WORK INSTRUCTIONS - The answer must consist of every line below that contains the word "tools".

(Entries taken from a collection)
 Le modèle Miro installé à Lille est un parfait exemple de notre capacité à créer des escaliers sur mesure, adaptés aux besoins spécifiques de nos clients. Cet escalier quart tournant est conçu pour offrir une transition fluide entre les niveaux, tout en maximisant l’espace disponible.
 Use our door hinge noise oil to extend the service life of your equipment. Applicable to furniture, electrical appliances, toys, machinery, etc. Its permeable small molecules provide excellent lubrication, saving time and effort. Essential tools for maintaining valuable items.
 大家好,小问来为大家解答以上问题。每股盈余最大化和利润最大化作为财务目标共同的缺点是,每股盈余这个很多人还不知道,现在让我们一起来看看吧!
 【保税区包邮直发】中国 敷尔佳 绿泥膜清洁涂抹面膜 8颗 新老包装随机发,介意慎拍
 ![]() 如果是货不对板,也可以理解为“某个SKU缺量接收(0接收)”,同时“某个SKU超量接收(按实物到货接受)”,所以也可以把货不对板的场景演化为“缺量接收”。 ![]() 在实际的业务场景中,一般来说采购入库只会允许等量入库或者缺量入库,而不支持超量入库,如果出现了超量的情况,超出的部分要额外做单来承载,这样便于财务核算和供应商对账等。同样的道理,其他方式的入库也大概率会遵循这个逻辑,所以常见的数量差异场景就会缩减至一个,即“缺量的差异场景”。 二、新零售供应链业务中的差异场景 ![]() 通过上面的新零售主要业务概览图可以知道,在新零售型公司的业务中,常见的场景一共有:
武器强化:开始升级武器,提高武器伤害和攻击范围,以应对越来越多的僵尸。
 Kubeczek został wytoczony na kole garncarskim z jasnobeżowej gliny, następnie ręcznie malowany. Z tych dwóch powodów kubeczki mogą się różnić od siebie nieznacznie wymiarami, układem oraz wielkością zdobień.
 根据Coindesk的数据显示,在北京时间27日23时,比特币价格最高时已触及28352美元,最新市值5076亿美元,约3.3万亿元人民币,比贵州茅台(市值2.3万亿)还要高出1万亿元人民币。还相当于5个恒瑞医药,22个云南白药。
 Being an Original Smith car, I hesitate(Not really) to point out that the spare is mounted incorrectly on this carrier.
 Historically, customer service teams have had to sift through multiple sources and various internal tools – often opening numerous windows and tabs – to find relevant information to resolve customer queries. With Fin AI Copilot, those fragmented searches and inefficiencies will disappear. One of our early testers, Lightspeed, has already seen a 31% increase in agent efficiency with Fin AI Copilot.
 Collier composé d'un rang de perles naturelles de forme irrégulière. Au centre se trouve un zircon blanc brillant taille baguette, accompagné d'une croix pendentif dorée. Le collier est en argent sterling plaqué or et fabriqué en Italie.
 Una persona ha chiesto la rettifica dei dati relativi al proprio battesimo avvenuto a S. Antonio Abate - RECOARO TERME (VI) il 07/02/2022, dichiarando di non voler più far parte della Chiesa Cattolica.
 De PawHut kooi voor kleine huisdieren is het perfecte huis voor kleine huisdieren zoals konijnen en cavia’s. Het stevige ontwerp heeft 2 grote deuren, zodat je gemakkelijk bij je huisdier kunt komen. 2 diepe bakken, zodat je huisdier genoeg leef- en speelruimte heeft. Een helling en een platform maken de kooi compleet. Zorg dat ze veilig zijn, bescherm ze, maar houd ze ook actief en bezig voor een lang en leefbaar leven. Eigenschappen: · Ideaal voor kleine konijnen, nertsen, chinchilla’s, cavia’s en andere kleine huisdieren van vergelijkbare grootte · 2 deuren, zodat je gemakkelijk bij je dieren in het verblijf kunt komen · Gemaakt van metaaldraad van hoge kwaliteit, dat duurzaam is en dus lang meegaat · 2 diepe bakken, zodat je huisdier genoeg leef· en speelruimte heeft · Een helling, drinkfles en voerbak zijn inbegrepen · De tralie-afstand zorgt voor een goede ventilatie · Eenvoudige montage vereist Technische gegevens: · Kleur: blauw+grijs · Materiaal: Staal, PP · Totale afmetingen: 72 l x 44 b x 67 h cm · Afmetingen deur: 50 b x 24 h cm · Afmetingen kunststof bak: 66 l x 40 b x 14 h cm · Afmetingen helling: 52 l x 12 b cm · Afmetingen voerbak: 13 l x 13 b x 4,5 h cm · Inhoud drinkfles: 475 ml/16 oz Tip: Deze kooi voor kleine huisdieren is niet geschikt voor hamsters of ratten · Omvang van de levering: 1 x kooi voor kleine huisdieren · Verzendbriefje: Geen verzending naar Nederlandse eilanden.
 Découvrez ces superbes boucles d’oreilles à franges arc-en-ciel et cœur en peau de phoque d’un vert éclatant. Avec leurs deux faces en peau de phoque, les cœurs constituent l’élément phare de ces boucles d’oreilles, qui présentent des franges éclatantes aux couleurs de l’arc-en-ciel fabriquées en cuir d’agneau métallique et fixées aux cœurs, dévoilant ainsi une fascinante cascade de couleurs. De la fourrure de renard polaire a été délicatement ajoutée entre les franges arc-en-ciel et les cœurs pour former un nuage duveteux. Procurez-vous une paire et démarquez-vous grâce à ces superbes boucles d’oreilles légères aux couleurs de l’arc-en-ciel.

YOUR SOLUTION -
 Use our door hinge noise oil to extend the service life of your equipment. Applicable to furniture, electrical appliances, toys, machinery, etc. Its permeable small molecules provide excellent lubrication, saving time and effort. Essential tools for maintaining valuable items.
 Historically, customer service teams have had to sift through multiple sources and various internal tools – often opening numerous windows and tabs – to find relevant information to resolve customer queries. With Fin AI Copilot, those fragmented searches and inefficiencies will disappear. One of our early testers, Lightspeed, has already seen a 31% increase in agent efficiency with Fin AI Copilot.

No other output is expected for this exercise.